EXERCISE AIM ::
Stop at the line that contains "Sie Führt nur". Until then, set down each line of the records exactly, beginning with the first, and skip pictures.
** SOURCE MATERIAL follows **
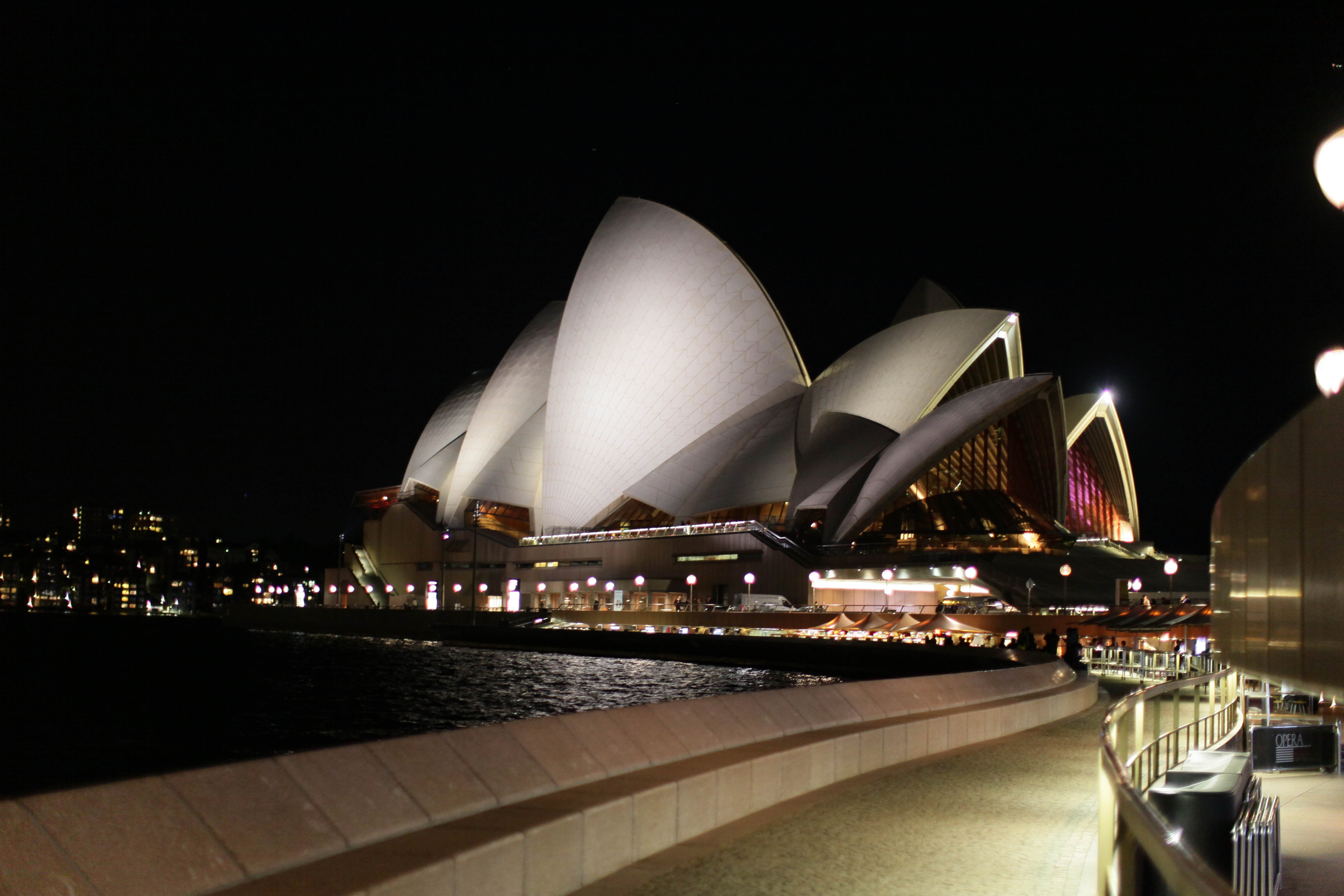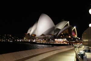 The iconic Sydney Opera House stands majestically against the dark night sky, its sails illuminated by soft lighting that accentuates their elegant curves. The tranquil waters reflect the vibrant hues of the nearby city lights, creating a serene yet lively atmosphere. The composition draws the eye along the waterfront promenade, inviting viewers to explore this architectural marvel further.
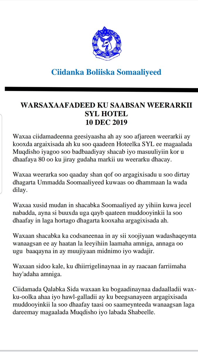 Taliska ciidamada Booliska Soomaaliyeed ayaa War-saxaafadeed kasoo saaray weerarkii Dabley ka tirsan Alshabaab xalay ku galeen Hotelka SYL ee magaalada Muqdisho.
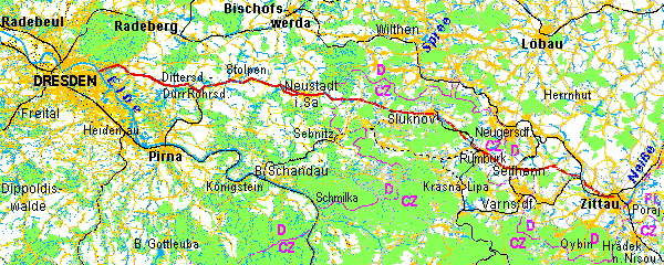 Sie Führt nur durch wenige kleine Städte: Neustadt in Sachsen, S&Mac255;uknov und Rumburk in Tschechien
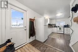 Step into homeownership with this charming, fully updated 1.5-storey home-an ideal opportunity for first-time buyers looking to break into the market without compromising on style or comfort. Located on one of Belleville's original streets, this move-in-ready two-bedroom, one-bathroom home offers exceptional value and peace of mind.Inside, you'll love the bright, open-concept L-shaped living, dining, and kitchen space, thoughtfully designed for everyday living and entertaining. Modern shaker-style cabinetry with sleek black hardware, a stylish glass tile backsplash, and durable laminate flooring create a fresh, contemporary feel throughout. Patio doors lead to a sunny, south-facing 12' x 10' deck-perfect for morning coffee, weekend BBQs, or hosting friends.The fully fenced backyard offers privacy and security, ideal for pets, kids, or simply relaxing outdoors. A spacious 4-piece bathroom adds comfort and functionality, while the generous front foyer includes a supplementary wall heater for added warmth. Rare driveways on both sides of the home provide flexible and convenient parking-an added bonus for new homeowners. This home is conveniently located with quick access to Highway 401 via Cannifton Road and close to all amenities. Affordable, updated, and turnkey, this is a fantastic chance to own your first home and start building equity in the heart of Belleville. (id:27)
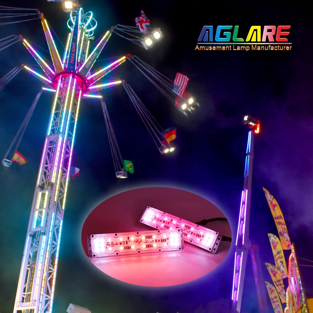 At Aglare amusement lighting, we are proud to offer a wide range of lighting solutions for fairground projects of all sizes. Our DC24V 24LEDS RGB+W programmable LED bar lights is the perfect choice for adding a vibrant and colorful touch to amusement ride ferris wheels and fairground LED lights.
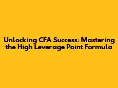 Hey guys! Ever feel like you're wading through a sea of financial concepts while preparing for the CFA exam? It's a journey, right? And like any journey, there are a few highways and shortcuts that can make the trip a whole lot smoother. One of these vital shortcuts, or rather, a key concept, is understanding the High Leverage Point Formula. Now, before you start hyperventilating, trust me, it's not as scary as it sounds. In fact, it's a powerful tool that can not only help you ace the exam but also give you a solid foundation for your future career in finance.
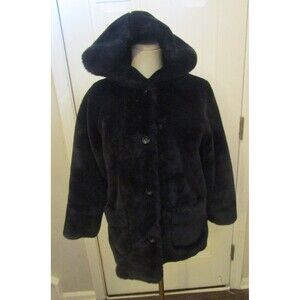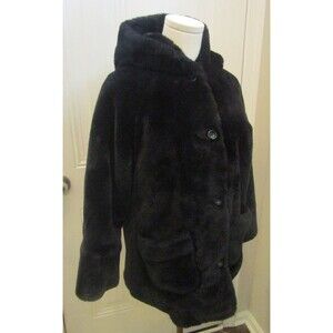 GAP Coat Black Faux Fur Jacket Hooded Vintage Front Pockets Lined Size S/M
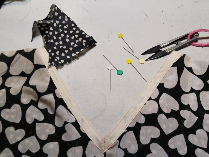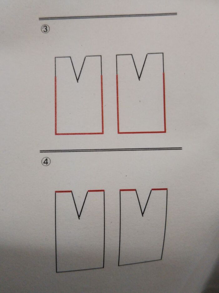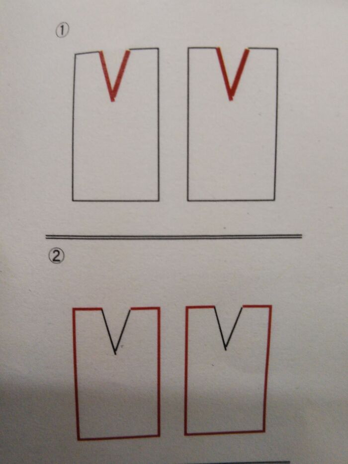 2枚の布を中表にしてから図③の赤線部分を縫う→
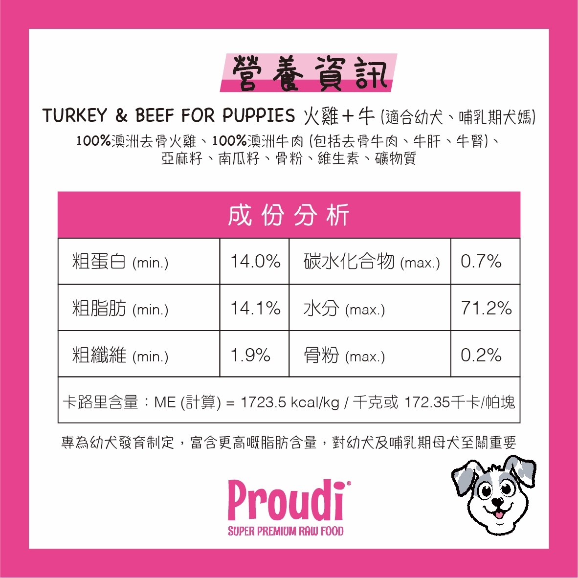 Proudi® 狗用生肉餅符合並超越 AAFCO 和 FEDIAF 為幼犬和成年狗所要求的所有營養水平。
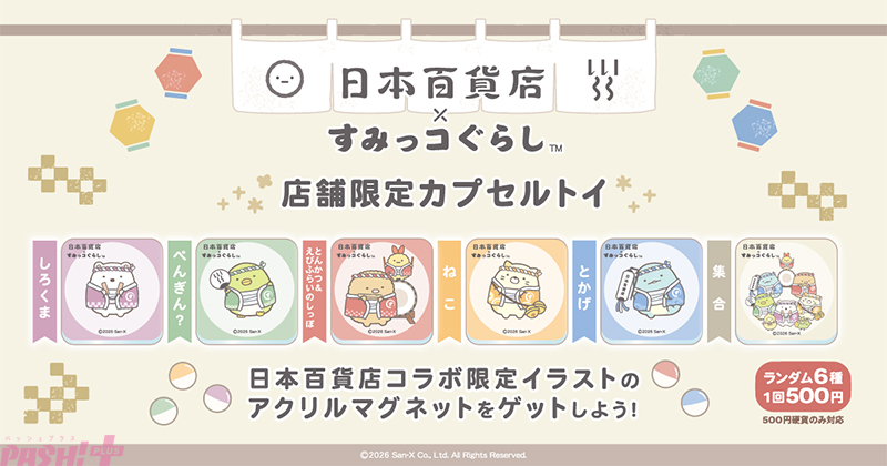 サンエックスは、「ニッポンの百貨をおもしろく。」をコンセプトに、日本全国のこだわりの食品や雑貨をセレクトし、販売する日本百貨店と、期間限定コラボ企画「日本百貨店×すみっコぐらし」と題して、日本百貨店店頭ですみっコぐらしコラボ商品が2026年1月9日(金)より販売されることを発表しました。
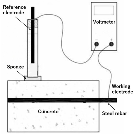 Half-cell potential (HCP) measurement is also called open-circuit potential (OCP) measurement, which is a widely used non-destructive technique to assess the corrosion activity of steel reinforcement in concrete structures [11,12]. Figure 2 shows a schematic diagram of the technique. It measures the electrical potential difference between the embedded steel and a standard reference electrode placed on the concrete surface. The technique is based on electrochemical principles. When steel corrodes in concrete, electrochemical cells are formed, creating anodic (corroding) and cathodic (non-corroding) regions.
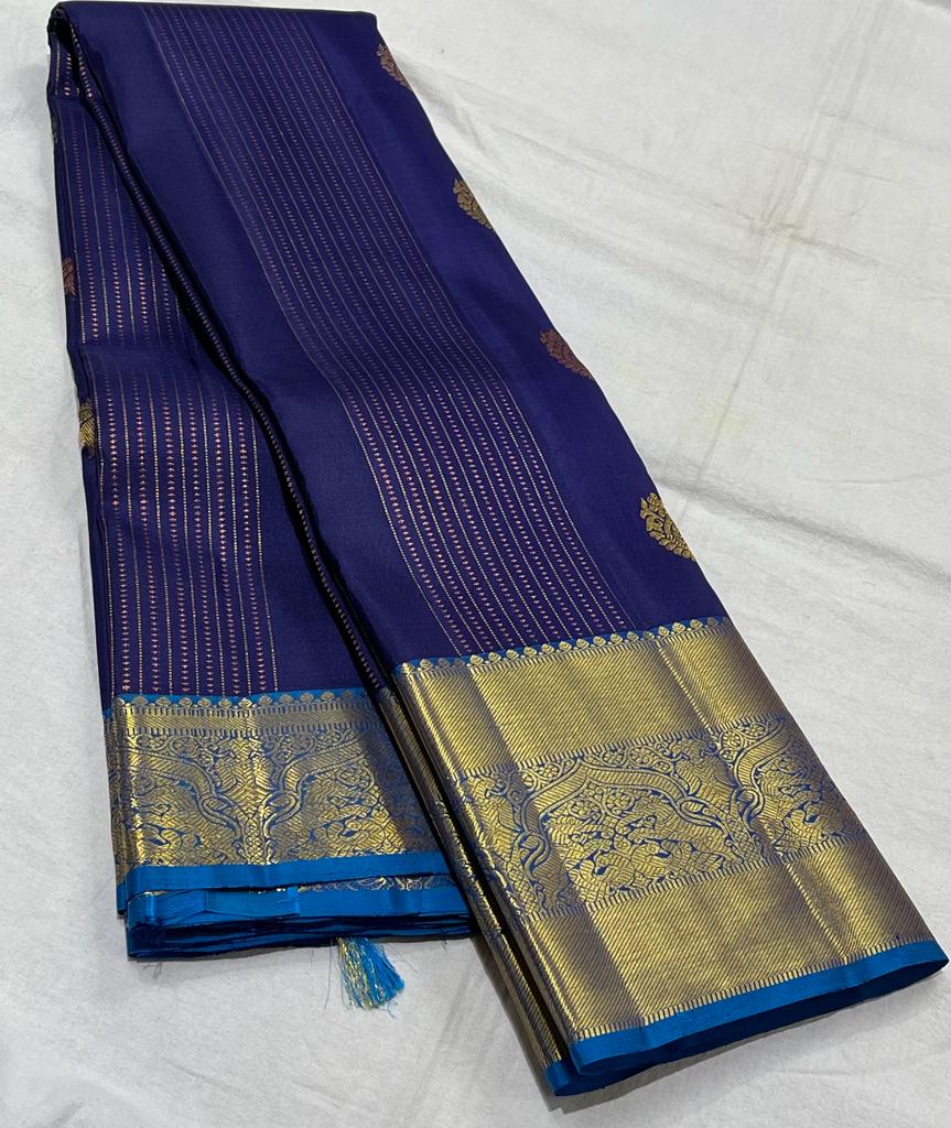 NAVY BLUE/RAMA BLUE  COLOUR  ZARI BORDER COMBITION PURE KANCHI SILK SAREE
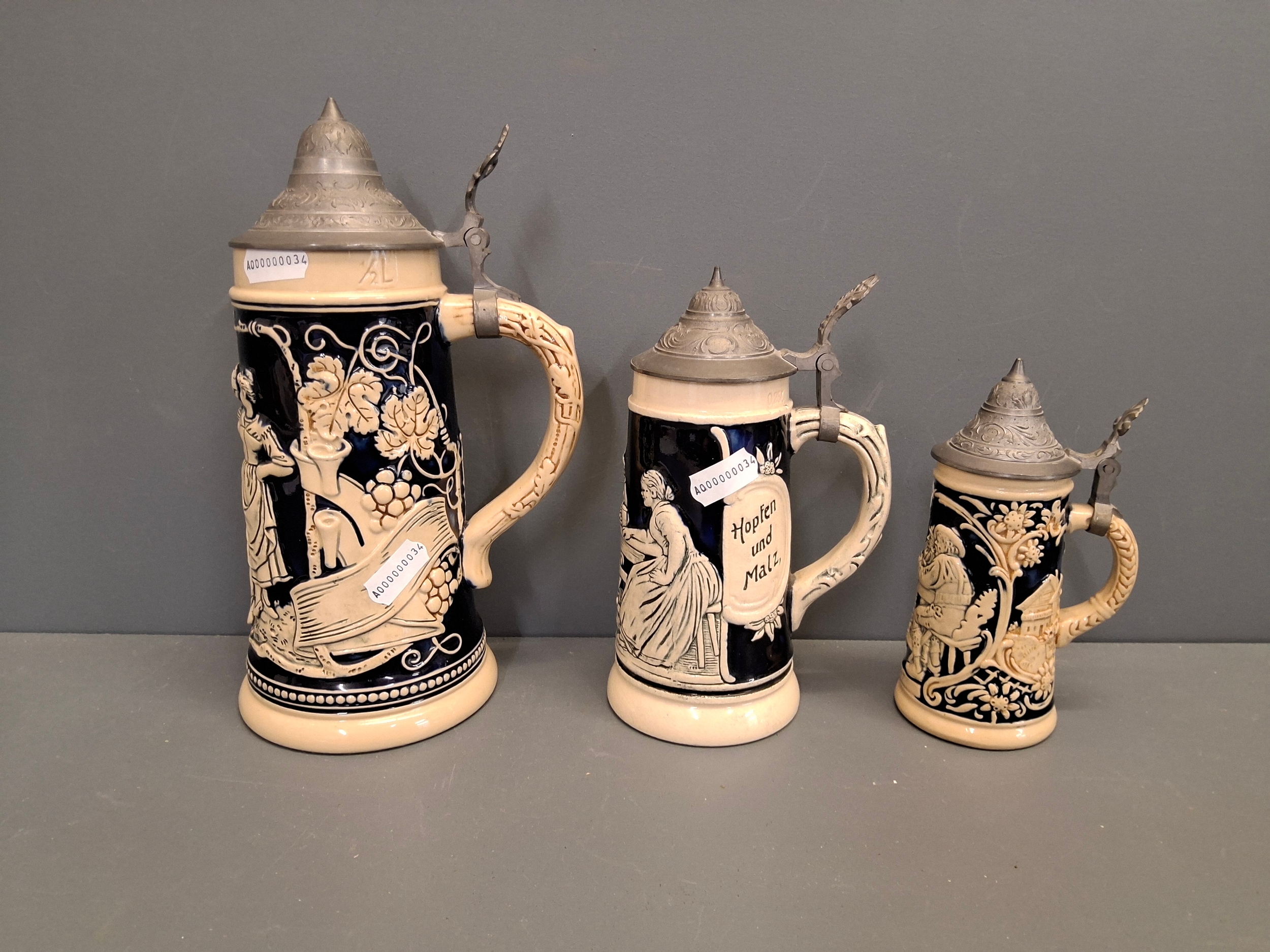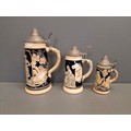 Three vintage German beer steins with pewter tops.Tallest one is 23cm
** End of SOURCE MATERIAL **
EXPECTED ANSWER ::
 The iconic Sydney Opera House stands majestically against the dark night sky, its sails illuminated by soft lighting that accentuates their elegant curves. The tranquil waters reflect the vibrant hues of the nearby city lights, creating a serene yet lively atmosphere. The composition draws the eye along the waterfront promenade, inviting viewers to explore this architectural marvel further.
 Taliska ciidamada Booliska Soomaaliyeed ayaa War-saxaafadeed kasoo saaray weerarkii Dabley ka tirsan Alshabaab xalay ku galeen Hotelka SYL ee magaalada Muqdisho.
 Sie Führt nur durch wenige kleine Städte: Neustadt in Sachsen, S&Mac255;uknov und Rumburk in Tschechien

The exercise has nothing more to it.